[IAEP] Physics - Lesson plans ideas?
alan.nemo at yahoo.com
Sat Aug 15 22:59:01 EDT 2009
>I'm not sure how your argument here would not apply also to etoys?
It does if you try to teach how the real world works by making computer simulations without doing experiments.
But if you'll check out our materials carefully, we never do that. We always keep clear the distinction between "real math" (and the fact that you can do a lot of neat things with real math that are not seen in our physical universe (and can easily be at odds with what is seen) and thus are special kinds of usually consistent stories) and that of "real science" which is done by making careful observations of the real world the final arbiter of all stories (no matter how pretty and consistent they might be) we might make up.
This is why when teaching children we separate the math of speed and acceleration (using the cars on the screen and "increase by") from investigations into the science of how things fall by about 4 months. This technique is as old as real science, was used by Newton (it's one of the many charms of the Principia), and both used and advocated by Einstein.

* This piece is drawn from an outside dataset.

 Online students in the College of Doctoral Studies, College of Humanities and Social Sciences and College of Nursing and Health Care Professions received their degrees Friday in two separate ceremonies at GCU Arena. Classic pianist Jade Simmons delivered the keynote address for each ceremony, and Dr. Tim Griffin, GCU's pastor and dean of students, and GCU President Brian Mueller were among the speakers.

And the other distinction with the use of Etoys is that the actual real math of the phenomena (whether just math on the screen of the computer or as a mapping relationship between observation and mathematical modeling) is actually derived and done directly by the children. (And in earlier grades this is done without computers, etc.)
This is completely different than giving children software which may or may not work like the real world but at its best it is as mysterious as the real world was before science, and at its worst (where it is not like the real world) it is even more misleading.

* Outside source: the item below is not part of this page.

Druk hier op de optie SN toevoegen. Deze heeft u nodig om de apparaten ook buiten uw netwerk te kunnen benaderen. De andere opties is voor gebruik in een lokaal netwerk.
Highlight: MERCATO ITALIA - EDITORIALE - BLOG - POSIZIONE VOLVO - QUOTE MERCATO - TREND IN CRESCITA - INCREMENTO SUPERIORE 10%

This is missing what science is actually about. And sadly, though we can do real math on the computer, we also find a myriad of approaches that bypass "real math" for various kinds of "math appreciation" or "math flybys" or "math grazings". Both of these are nicely covered by a gentle but firm ancient reprimand by teacher Euclid to student Ptolemy "Sire, there is no Royal Road to Geometry".

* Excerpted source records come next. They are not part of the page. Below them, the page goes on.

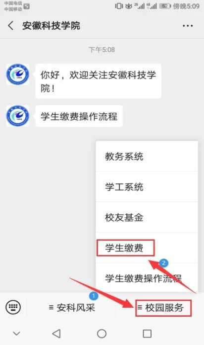 1.点击“乐动网页版登录入口_乐动网页版(中国)微信公众号”界面右下角“学生缴费”菜单。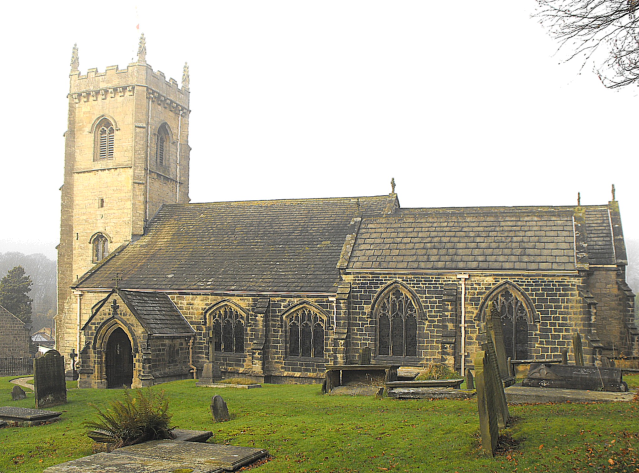 This was probably a wholly Perpendicular church before its enlargement and partial reconstruction by Mallinson & Healey. Notes in the church say that in 1853 the tower was walled off for use as a fuel store, so restoration also entailed the removal of this wall, the renovation of the nave, and the construction of a totally new chancel with adjoining chapels. The total cost was £1,850.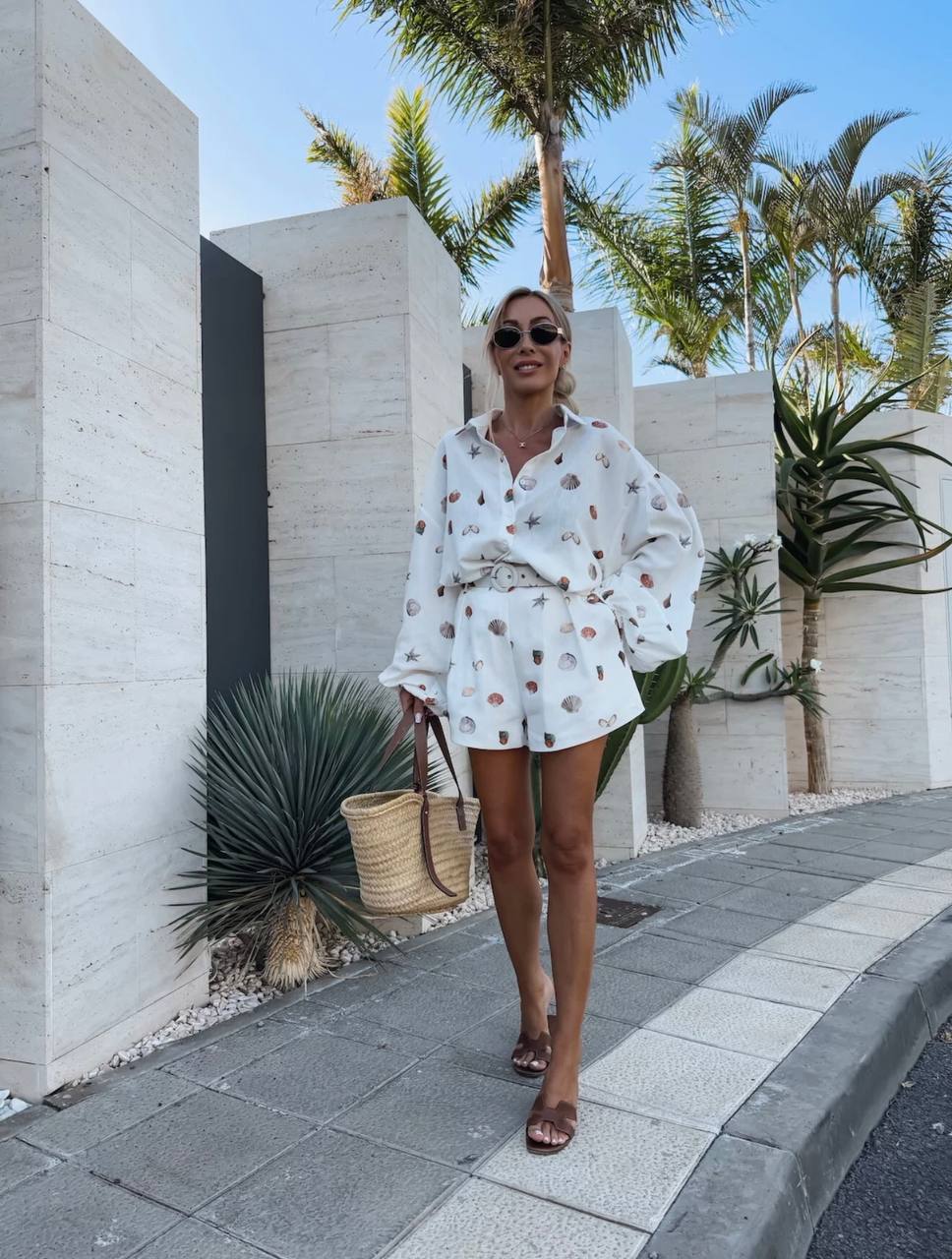 Рубашка свободного кроя, застегивающаяся на пуговицы, объемные рукава на резинке, на спинке отрезная планка для идеальной посадки, шорты с карманами, сзади на широкой резинке, на поясе шлицы для ремня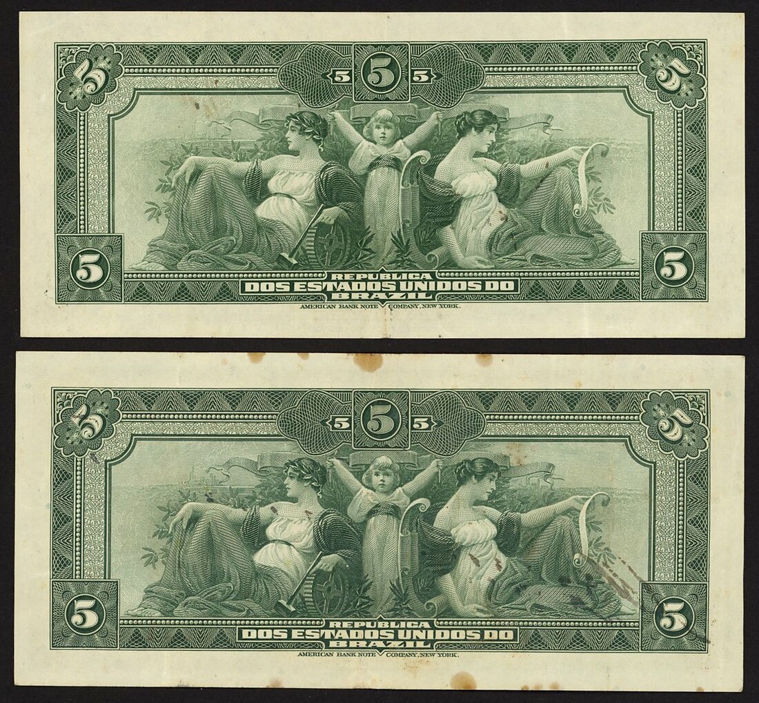 (x) Republica dos Estados Unidos do Brazil, 5 mil reis (2), ND (1913), (Pick 24), one with stain at margins, both very fine (2 notes)

I'm happy to answer questions about this vital issue.
From: Bill Kerr <billkerr at gmail.com>
To: Alan Kay <alan.nemo at yahoo.com>
Cc: Gary C Martin <gary at garycmartin.com>; iaep SugarLabs <iaep at lists.sugarlabs.org>; Brian Jordan <bcjordan at gmail.com>; Asaf Paris Mandoki <asafpm at gmail.com>
Sent: Saturday, August 15, 2009 7:38:06 PM
Subject: Re: [IAEP] Physics - Lesson plans ideas?
I'm not sure how your argument here would not apply also to etoys?
Is your objection mainly to the name of the program - physics?
On Sun, Aug 16, 2009 at 12:00 PM, Alan Kay <alan.nemo at yahoo.com> wrote:
>I've previously written a fair amount on this list about what real science is actually about and it would be tiresome to repeat it.
>And I'm sure you have reasons for what you've been suggesting in this thread about ways to use a simulation software package in Sugar.
>But are you sure that these reasons have anything to do with real science and how to go about teaching it to children?